К этому типу поведения можно отнести сочетание научными работниками видов деятельности (подработок, вторых мест работы, грантов и т.д.), подчиненных не просто поддержанию определенного материального уровня, но формирующих активную научную деятельность. Именно деятельность, основанная на научном интересе, остается главным мотивом и занимает центральное место. Результаты исследования Института естествознания и техники РАН позволяют предполагать, что эта группа достаточно велика: по этим данным, половина опрошенных научных сотрудников не хочет иметь заработков вне науки, поскольку не считает возможным отвлекаться от основного дела. В целом же структура подработок в сфере науки по данным этого опроса такова:

Таблица 6.5

Структура дополнительных заработков ученых в сфере науки

в 1994-1998 годах, %

Дополнительные заработки в сфере науки

 

1994

1996

1998

По российским грантам, программам

31

60

58

По зарубежным грантам, программам

16

46

50

По хоздоговорам, ВТК и т.п.

24

14

21

По совместительству в других научных организациях

13

14

10

За преподавательскую работу

8

10

17

Отсутствие всякой дополнительной работы

30

11

12

* Суммы в столбцах могут быть более 100 %, так как некоторые респонденты называли несколько видов работы.

 

Таким образом, в рамках данного типа формируется «изнутри» новая модель научной деятельности, опирающаяся в основном на то, что можно назвать новым институтом научного менеджмента. Характерным для нее являются попытки разработки новых научных направлений, сочетающих фундаментальную и прикладную стороны науки с обеспечением достаточно высоких заработков.

«Экстенсивный» тип – ориентация в основном на подержание приемлемого уровня жизни при возможности работать в науке с помощью тех или иных видов заработков. Это – преимущественная опора на ресурсы домохозяйства (супругов, родственников), социальный обмен на основе самоорганизации взаимопомощи, сдача квартиры внаем и т.д. Это краткосрочные поездки за границу. Наконец, это подработки, не лежащие в русле основной деятельности, – наиболее разрушающий и опасный тип занятости. Человек вынужден распределять себя в двух совершенно различных, никак не стыкующихся областях деятельности, не достигая в конечном счете успеха ни в одной из них. Создается сложнейшая, фрустрирующая ситуация неопределенности социального статуса и его перспектив («Мне бы не хотелось уходить из науки, так как попадаешь в другую среду… Это — понижение социального статуса. Поэтому я тружусь между этими двумя профессиями…» — руководитель лаборатории).
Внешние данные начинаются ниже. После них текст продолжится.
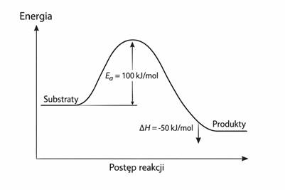 Sporządź w zeszycie wykres przedstawiający przebieg zmian energii dla reakcji, w której energia aktywacji wynosi 100 kJ/mol, a zmiana entalpii ΔH = −50 kJ/mol.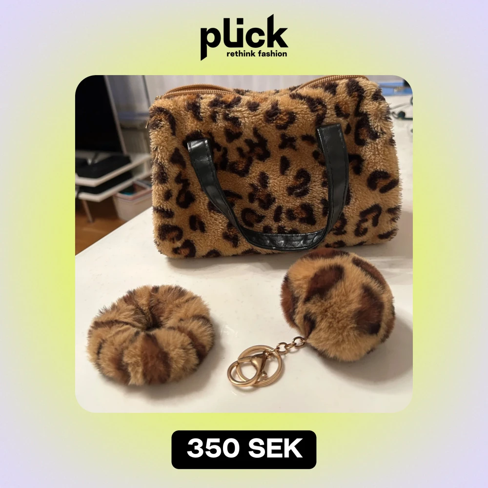 Säljer en supercool leopardmönstrad väska i fluffigt material med svarta handtag. Väskan har en dragkedja upptill och är perfekt för att ge din outfit en vild touch. Medföljer gör en matchande scrunchie och en fluffig nyckelring. Perfekt för höst och vinter!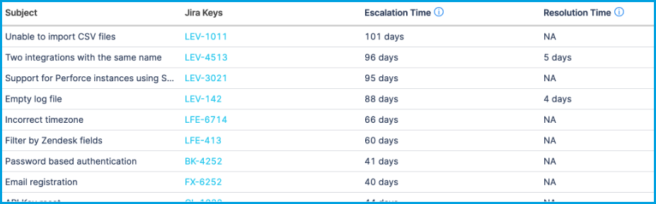 - Support Time Across Stages: Measure efficacy across support and engineering teams by understanding how long issues are open (across support and issue management tools) and how soon issues are acted upon.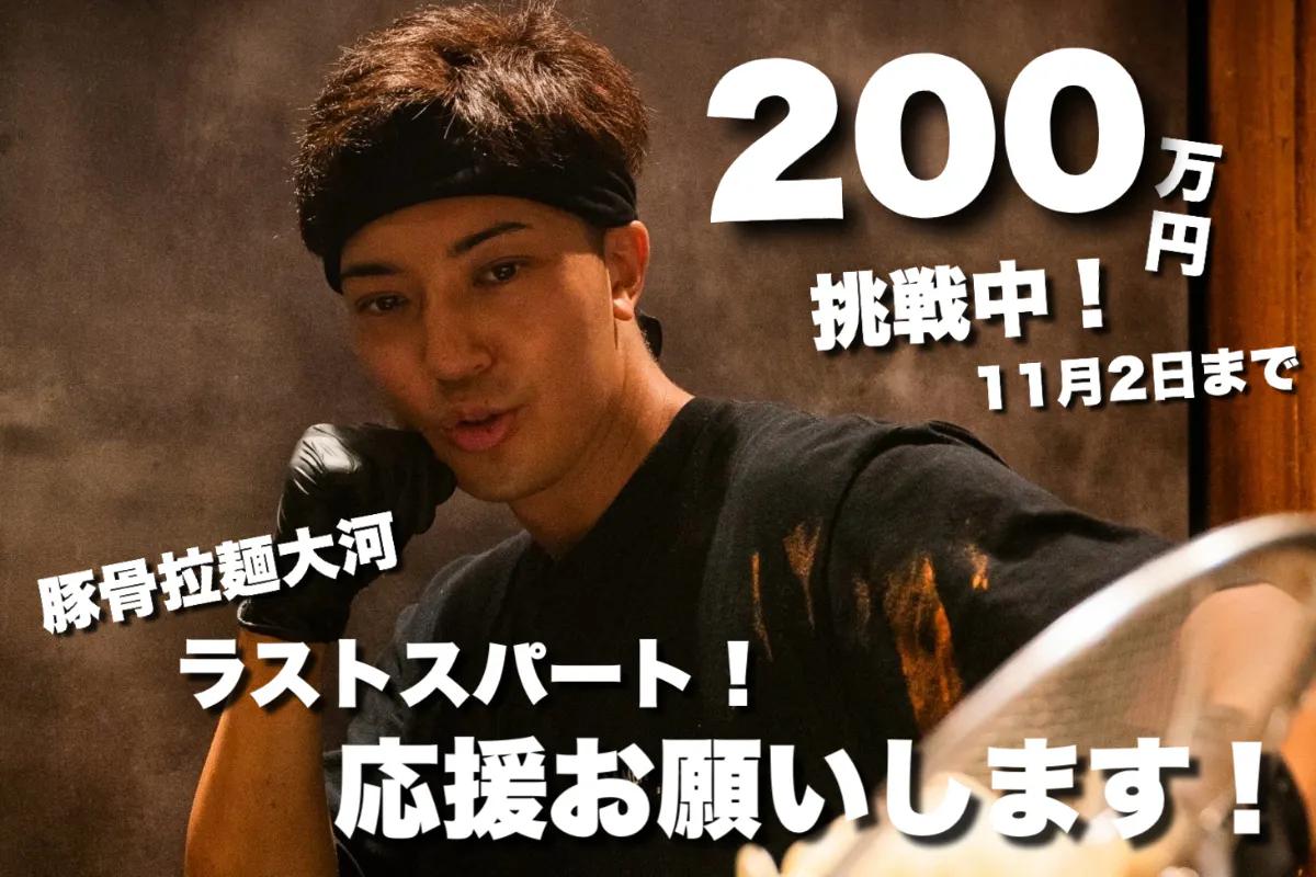 2024/10/26 14:48ファーストゴール100%を達成いたしました!本当にありがとうございます!【プロジェクト達成のお礼】 皆様のおかげで、プロジェクトを遂行するために掲げさせていただいていた目標金額150万円を達成することができました!本当にありがとうございます!ご支援いただいた資金は大切に使わせていただき、お客さまに美味しい豚骨拉麺を味わっていただけるよう、全力で準備して参ります。しかし、クラウドファンディング終了まであと数日ありますし、ここからは”ネクストゴール”に挑戦させていただきます!ネクストゴールは200万円!!先日追加のリターンをいくつか追加したのでそちらもぜひご確認ください。本プロジェクト最終日までICHI一同全力で参ります!引き続き、皆様の熱い応援、ご支援よろしくお願いいたします! もっと見る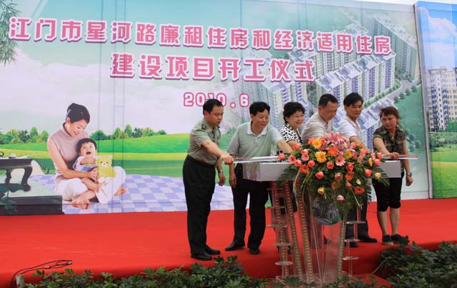 6月25日,我集團(tuán)公司承建的江門市星河路廉租住房和經(jīng)濟(jì)適用房建設(shè)項(xiàng)目開工儀式隆重舉行。市人大常委會(huì)副主任陳敏標(biāo)、副市長鐘軍、市政協(xié)副主席趙樹培、市委辦公室李光啟以及市住房和城鄉(xiāng)建設(shè)局局長馬克烈等領(lǐng)導(dǎo)和嘉賓出席了開工儀式。 在動(dòng)工儀式上,馬克烈介紹,星河路廉租住房和經(jīng)濟(jì)適用住房建設(shè)項(xiàng)目規(guī)劃投資約1.52億元,其中廉租住房約9400萬元,經(jīng)濟(jì)適用住房約5800萬元;規(guī)劃總用地面積22988.6平方米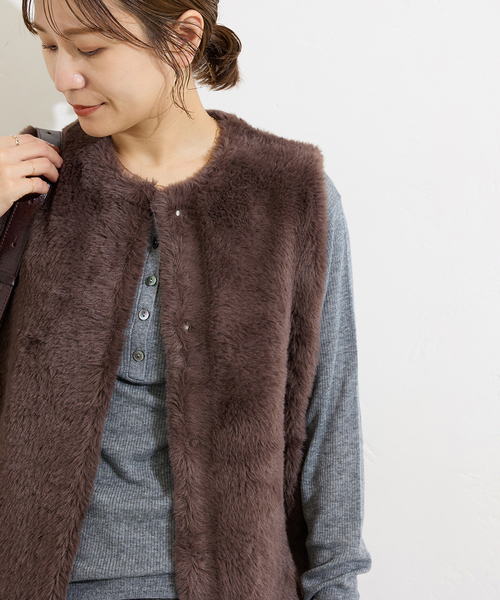 【2025 AW】JOURNAL STANDARDご好評につき、ダブルフェイスフェザークルーネックベストが今シーズンも登場。※旧品番:25080400353040の追加商品です。※若干の仕様変更がある場合もございます。※旧品番はすでに店舗に入荷しております。在庫数等は店舗にお問い合わせ下さいませ。ふわっと心地よいフェザー素材が素敵な着映えベスト。表がナイロンフェザーヤーン、裏がポリエステル糸のダブルフェイス編のベスト。ナイロンの柔らかいフェザーヤーンで程よい毛足で着やすく、秋はカットソーやシャツに羽織ったり、冬はコートの中にインし足りと色々なスタイリングが楽しめます。シーズン通して使えるので買っておいて間違いなしのアイテムです。フロント隠しのドットボタンでキレイ目仕様、ヒップの隠れる丈感でボトムを選ばないので色々なシーンで活躍する主役級のアイテムです!※同シリーズで下記品番もございます。ダブルフェイスフェザークルーネックカーディガン(品番:25080400354040)**********************透け感:なし裏地:なし伸縮性:あり光沢感:なし生地の厚さ:普通**********************【スタッフ着用コメント】《スタッフO》年齢:30代前半/身長:162cm/体型:普通/普段サイズ:M/着用サイズ:フリーサイズ感:程よいゆとりで、丈は少し長めです。素材感:柔らかなフェザー素材で、裏はポリエステル糸なのでチクチク感はありません。着心地:軽い着心地。手持ちのアイテムに羽織るだけで着映えします。※あくまでも個人の感想です**********************※取り扱いについては、商品についている品質表示でご確認ください。※照明の関係により、実際よりも色味が違って見える場合があります。またパソコン・スマートフォンなどの環境により、若干製品と画像のカラーが異なる場合もございます。※商品の色味は、商品アップ画像をご参照ください。本体:ドライクリーニング

Нельзя не видеть противоречивость этого положения, объективную бесперспективность затрачиваемых ресурсов и усилий. Несмотря на более высокие заработки, люди до конца пытаются удержаться в главной сфере своей деятельности («я скорее от этого от всего уже устала, и хочется какой-нибудь такой простой научной работы… того, что дорого сердцу, все ж таки»).

Характерной для данного типа следует назвать и модель поведения в сохранении статуса ученого, формируемую в основном молодыми респондентами, – эта четкая ориентация на работу за рубежом, другими словами, на иную, «нормальную» в отношении науки институциональную среду («Здесь нет перспектив. И в финансовом отношении, и в отношении содержания работы. Единственная перспектива — уехать за границу» — сотрудник Института, 29 лет). Противоречие между выбором в пользу науки как профессии и отсутствием перспектив разрешается молодыми учеными через довольно хорошо отлаженный механизм – поиск работы за границей, иначе говоря, «утечку мозгов». Трудовой путь выстраивается следующим образом (как это описал один из молодых сотрудников, уехавший вскоре за границу): учеба в вузе, работа в академическом институте, защита кандидатской диссертации и далее поиск работы в других странах, который ведется в основном через знакомых и через Интернет.

Решение на отъезд и работу за границей, как показывают материалы интервью, часто дается нелегко, через сомнения, компромиссы. На него влияют многие обстоятельства – помимо установок на приемлемый уровень жизни и условия работы, это может быть пример знакомых и наличие связей в местах предполагаемой работы. Важно и осознание «быстротечности» основного ресурса, помогающего в поисках места за рубежом – молодого возраста (до 30-35 лет). Кстати, отсутствие этого ресурса – реальный барьер для многих активных ученых «за 40», который они констатируют с определенной долей сожаления, или, может быть, самооправдания в том, что они остались «бороться» за свое место под солнцем здесь. В любом случае, работа за границей рассматривается как реальный шанс профессионального роста («общая тенденция такова, что найти хорошую работу за границей намного проще, чем найти хорошую работу здесь» — сотрудник института, 33 года).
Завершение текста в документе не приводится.